In addition, the electronic musical instrument system according to the invention may be applied to not only keyboard instruments but also electronic musical instruments of wind instrument type. In the case of wind instrument applications, a tone change with a subtle pitch change can be outputted. This may be effective for a special tone generator key (for example, an instrument which outputs thrum tones by this key) constituted by a switch having a stroke (a certain distance from beginning to end of key pressing). In other words, the electronic musical instrument system according to the invention can be applied to those having a switch that outputs thrum tones by the key having a stroke. [0162]

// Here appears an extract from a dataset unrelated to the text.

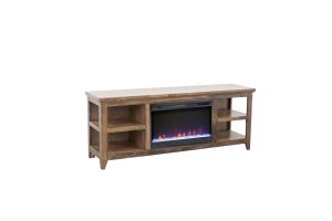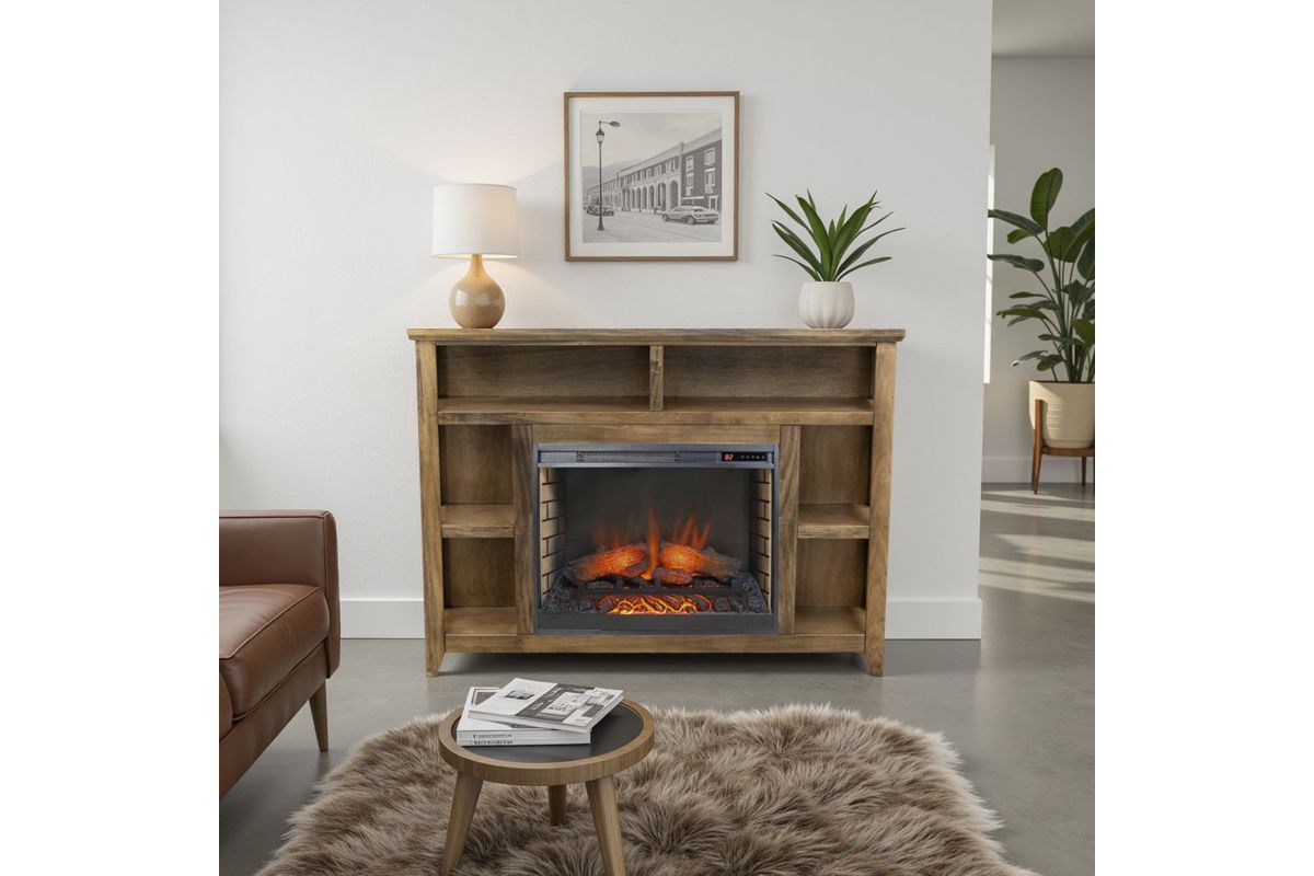 The Studio 56 inch Fireplace Mantel from Bridgevine Home delivers simple, transitional style and will make a versatile addition to any room in your home. Skillfully crafted from Poplar Solids and Okoume Veneers, this Electric Fireplace Mantel features a Bourbon finish and ample storage space on open shelving. The 42" electric fireplace insert includes a remote control and multiple settings allow for heat up to 400 square feet. Installation is quick and simply requires securing the fireplace insert to the mantel with four (included) screws. Set the mantel in place, plug in and get set to get cozy! Minimal assembly required.

As described above, in the embodiment of the invention, by using the music keyboard apparatus as shown in FIG. 2, the second switch [0163] 48 (the second sensor) driven by the mass body 43 detects the key-on information for reading out the key-on music waveform under the key pressing state. The first switch 47 (the first sensor) driven by the key 21W (21B) detects the key-off information to read out the key-off waveform under the key releasing state. By such an operation, the music apparatus can realize an expressive and natural sound system quite similar to the acoustic piano. Such a feature will be described below with comparison to the acoustic piano.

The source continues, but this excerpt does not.